— RECORDED DATA —
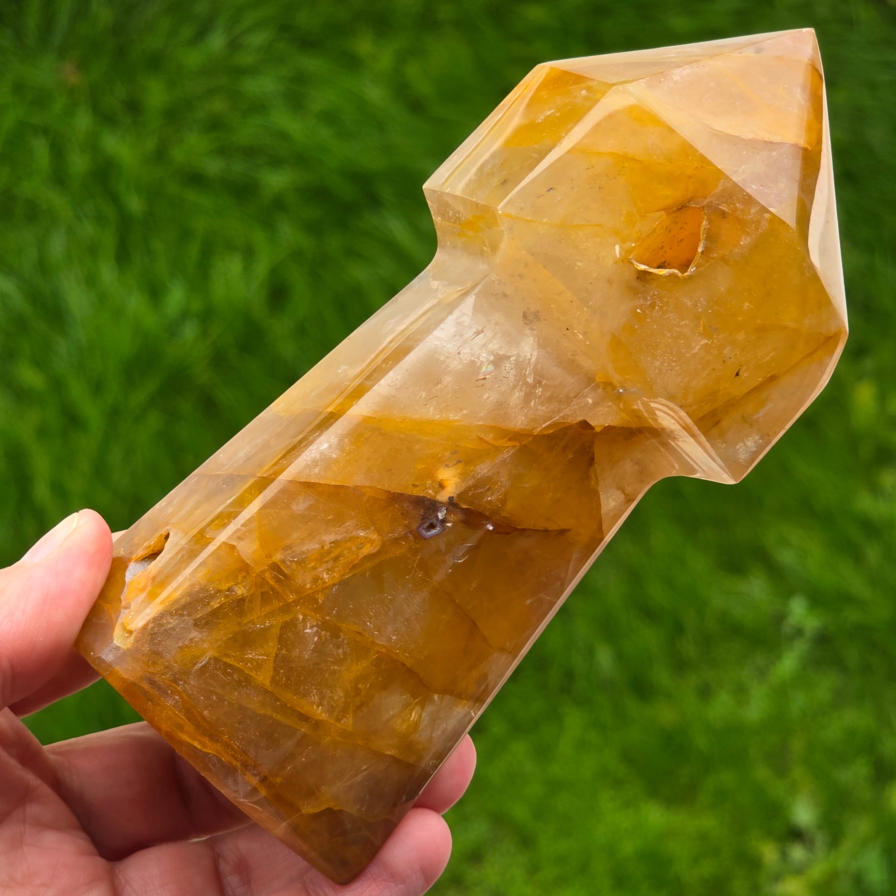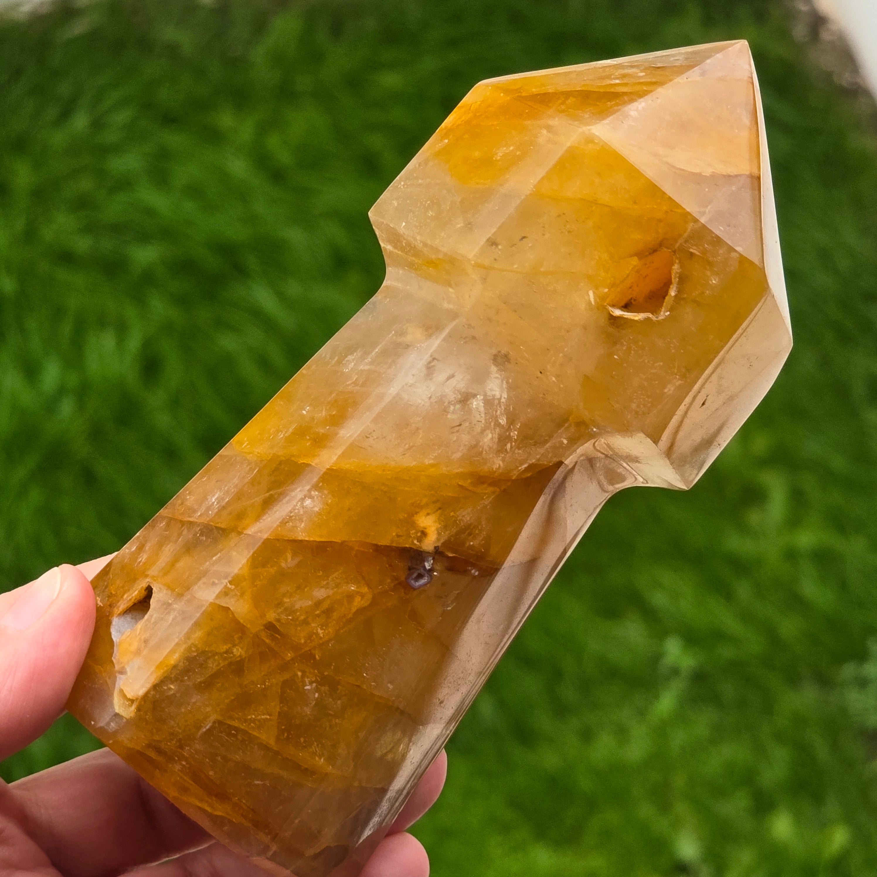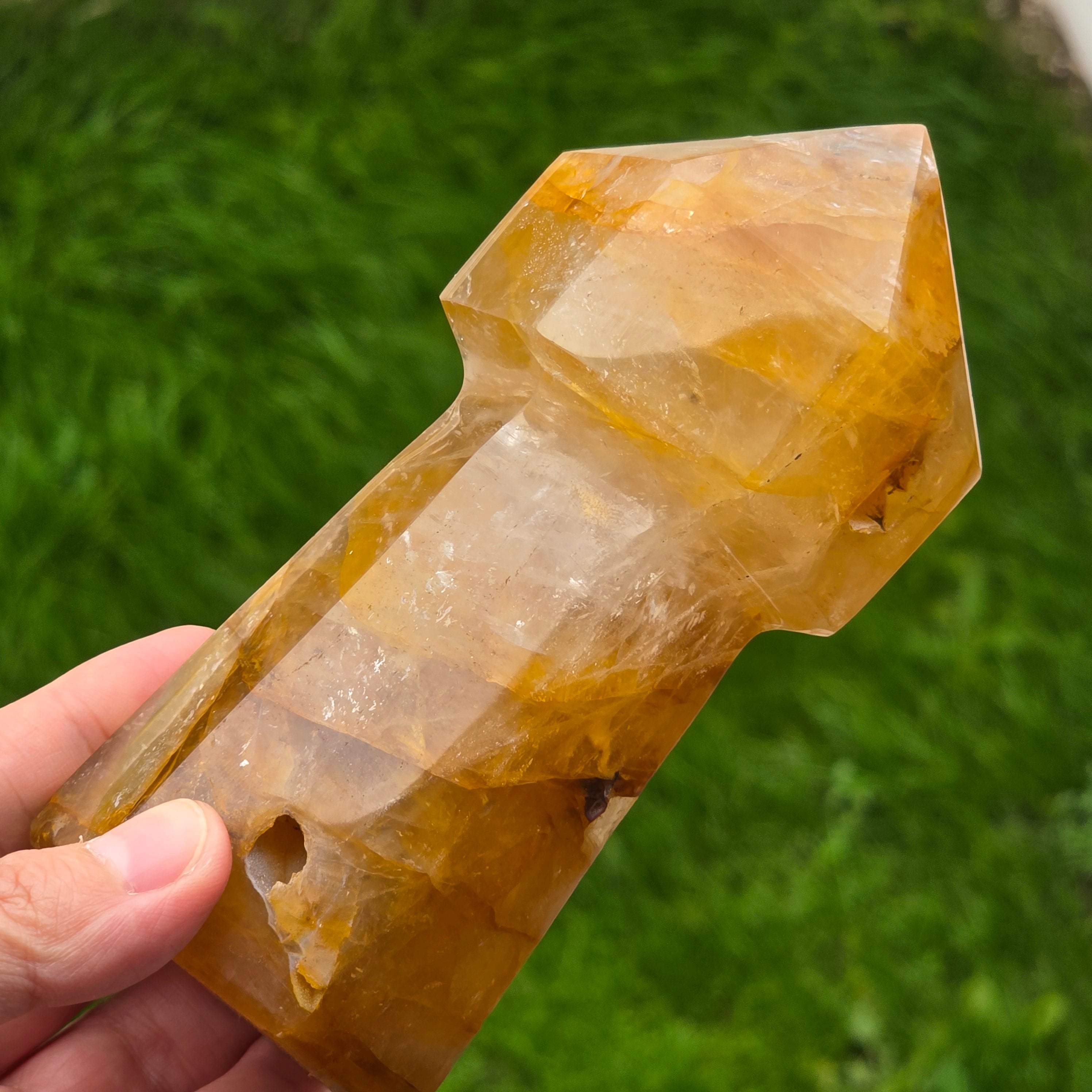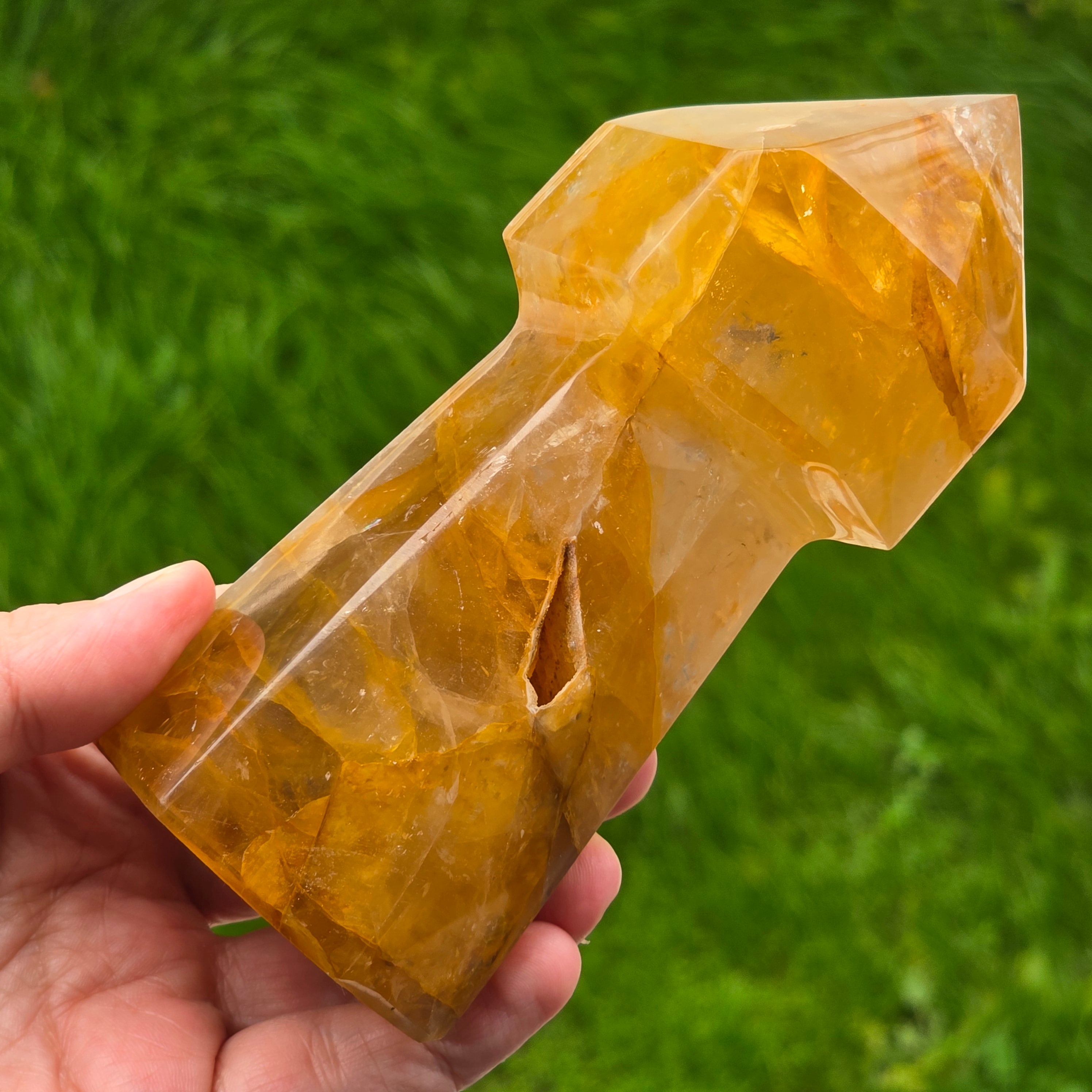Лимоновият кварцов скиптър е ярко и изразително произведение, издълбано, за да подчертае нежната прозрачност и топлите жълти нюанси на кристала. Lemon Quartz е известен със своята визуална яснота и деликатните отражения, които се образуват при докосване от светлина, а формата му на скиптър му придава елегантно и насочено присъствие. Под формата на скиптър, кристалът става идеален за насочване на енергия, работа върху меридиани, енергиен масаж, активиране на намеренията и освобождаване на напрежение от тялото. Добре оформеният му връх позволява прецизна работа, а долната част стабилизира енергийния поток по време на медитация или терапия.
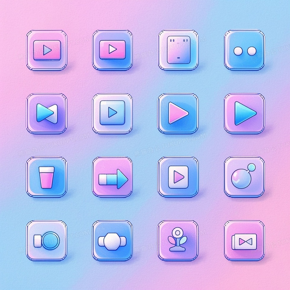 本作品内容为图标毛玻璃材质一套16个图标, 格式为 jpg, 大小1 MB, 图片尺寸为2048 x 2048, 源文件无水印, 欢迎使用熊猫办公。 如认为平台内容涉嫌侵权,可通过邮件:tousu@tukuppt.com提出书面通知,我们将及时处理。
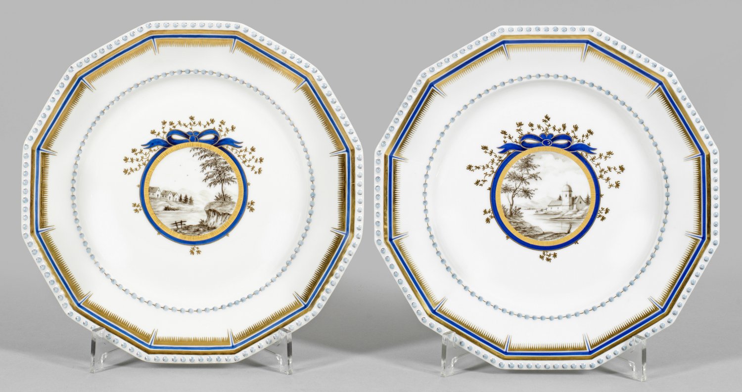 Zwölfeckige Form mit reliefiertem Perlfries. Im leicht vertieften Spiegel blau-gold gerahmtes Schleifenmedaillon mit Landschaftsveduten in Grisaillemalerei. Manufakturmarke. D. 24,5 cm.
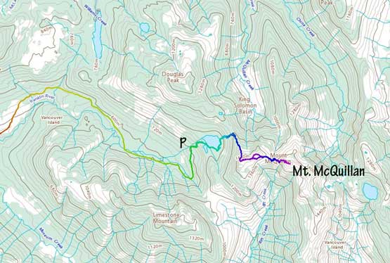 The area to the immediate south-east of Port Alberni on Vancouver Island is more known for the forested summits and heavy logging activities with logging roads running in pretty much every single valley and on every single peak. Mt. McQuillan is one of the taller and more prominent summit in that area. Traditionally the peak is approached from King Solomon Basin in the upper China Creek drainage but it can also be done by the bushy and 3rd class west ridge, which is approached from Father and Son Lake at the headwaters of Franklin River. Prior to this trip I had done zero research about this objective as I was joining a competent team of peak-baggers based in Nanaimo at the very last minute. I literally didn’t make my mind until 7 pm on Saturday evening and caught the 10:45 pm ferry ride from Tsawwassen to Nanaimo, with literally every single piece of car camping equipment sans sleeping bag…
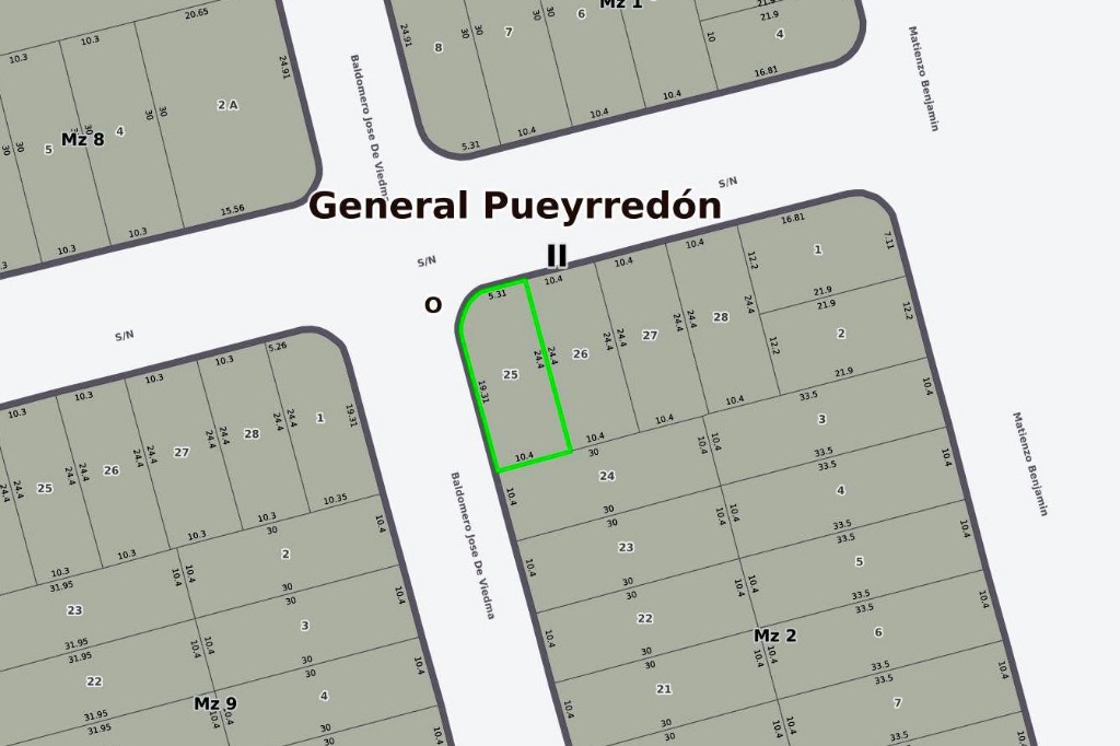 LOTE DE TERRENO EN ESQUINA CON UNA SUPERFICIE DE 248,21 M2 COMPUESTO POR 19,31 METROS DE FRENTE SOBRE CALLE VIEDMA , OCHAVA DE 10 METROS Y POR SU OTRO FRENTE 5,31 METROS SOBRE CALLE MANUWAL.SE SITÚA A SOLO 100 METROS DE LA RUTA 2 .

— EXERCISE BRIEF —
Write out exactly, and nothing more than, the lines of the entries above from the line containing "Zwölfeckige Form mit" through the final line; omit any pictures.

— RESPONSE FOR THIS EXERCISE —
 Zwölfeckige Form mit reliefiertem Perlfries. Im leicht vertieften Spiegel blau-gold gerahmtes Schleifenmedaillon mit Landschaftsveduten in Grisaillemalerei. Manufakturmarke. D. 24,5 cm.
 The area to the immediate south-east of Port Alberni on Vancouver Island is more known for the forested summits and heavy logging activities with logging roads running in pretty much every single valley and on every single peak. Mt. McQuillan is one of the taller and more prominent summit in that area. Traditionally the peak is approached from King Solomon Basin in the upper China Creek drainage but it can also be done by the bushy and 3rd class west ridge, which is approached from Father and Son Lake at the headwaters of Franklin River. Prior to this trip I had done zero research about this objective as I was joining a competent team of peak-baggers based in Nanaimo at the very last minute. I literally didn’t make my mind until 7 pm on Saturday evening and caught the 10:45 pm ferry ride from Tsawwassen to Nanaimo, with literally every single piece of car camping equipment sans sleeping bag…
 LOTE DE TERRENO EN ESQUINA CON UNA SUPERFICIE DE 248,21 M2 COMPUESTO POR 19,31 METROS DE FRENTE SOBRE CALLE VIEDMA , OCHAVA DE 10 METROS Y POR SU OTRO FRENTE 5,31 METROS SOBRE CALLE MANUWAL.SE SITÚA A SOLO 100 METROS DE LA RUTA 2 .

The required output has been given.